Une inspiration féministe

Le mouvement genevois va durer une dizaine d’années et changera la vie de ses militantes, certes minoritaires dans la société, mais fortement actives et médiatisées. Leurs actions radicales ont contribué à inspirer le féminisme et faire évoluer les mentalités. Par exemple, c’est le MLF qui a organisé un des premier squats à Genève, par l’occupation illégale, le 1er mai 1976, d’un ancien bistrot de la place des Grottes pour y instaurer un Centre femmes, rasé par les bulldozers de la Ville, trois mois plus tard. Mais la réaction immédiate et forte (manifestation et scellage du bureau du maire) a fait plier les autorités qui ont fini par octroyer au mouvement une maison « pour se retrouver en tant que femmes » (en non-mixité) au boulevard Saint-Georges. 

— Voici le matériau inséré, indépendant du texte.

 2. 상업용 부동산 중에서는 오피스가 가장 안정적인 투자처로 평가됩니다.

En 1975, décrétée « année internationale de la femme » par l’ONU, les militantes ont été particulièrement dynamiques pour rappeler toutes les libertés qui restent encore à conquérir et pour attaquer le mythe de LA femme, alors que les vies des femmes sont si multiples. Elles ont perturbé les cérémonies officielles de congratulation du Congrès de l’Alliance des sociétés féminines suisses, financé par les banques et l’industrie, pour réclamer haut et fort l’avortement libre et gratuit. Elles critiquent également le mariage, « un contrat de travail ». En résumé, elles veulent « la révolution, pas des résolutions »

Des luttes communes

Conscientes du caractère commun des différentes luttes, leur engagement s’est porté aussi contre la prison, contre la guerre, contre le nucléaire, contre l’exploitation, contre les usines chimiques. Elles ont également manifesté leur solidarité internationaliste, participant à des congrès en France, en Suisse alémanique, en Allemagne, en Angleterre. Une des luttes phares a été celle des lesbiennes pour la reconnaissance de leur liberté sexuelle, de leur dignité et de leur visibilité. Rien n’a été évident. Les discussions pouvaient être très âpres, loin du cliché de la femme douce et conciliante. 

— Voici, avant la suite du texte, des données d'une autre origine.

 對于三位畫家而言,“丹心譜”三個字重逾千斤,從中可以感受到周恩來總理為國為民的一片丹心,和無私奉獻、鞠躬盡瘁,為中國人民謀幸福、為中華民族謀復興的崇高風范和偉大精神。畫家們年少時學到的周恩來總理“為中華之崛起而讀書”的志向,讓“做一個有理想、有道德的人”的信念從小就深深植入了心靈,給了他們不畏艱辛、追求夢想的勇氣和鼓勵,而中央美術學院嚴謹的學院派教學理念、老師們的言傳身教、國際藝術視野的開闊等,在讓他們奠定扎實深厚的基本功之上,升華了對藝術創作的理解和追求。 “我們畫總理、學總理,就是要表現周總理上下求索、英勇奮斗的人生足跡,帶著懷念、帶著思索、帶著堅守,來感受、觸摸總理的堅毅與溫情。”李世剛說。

En 1978, un tournant a été pris vers la professionnalisation des militantes, exténuées par le bénévolat, et désirant créer leurs propres postes de travail autogéré. Ont été ouverts cette année-là plusieurs centres pour les femmes : orientation et de réinsertion professionnelles (Corref), santé (le Dispensaire), accueil pour femmes battues, soutien pour femmes violées (Viol-Secours), une librairie (L’Inédite)… Des journaux militants comme « L’Insoumise », puis Radio Pleine Lune diffusent les idéaux féministes. 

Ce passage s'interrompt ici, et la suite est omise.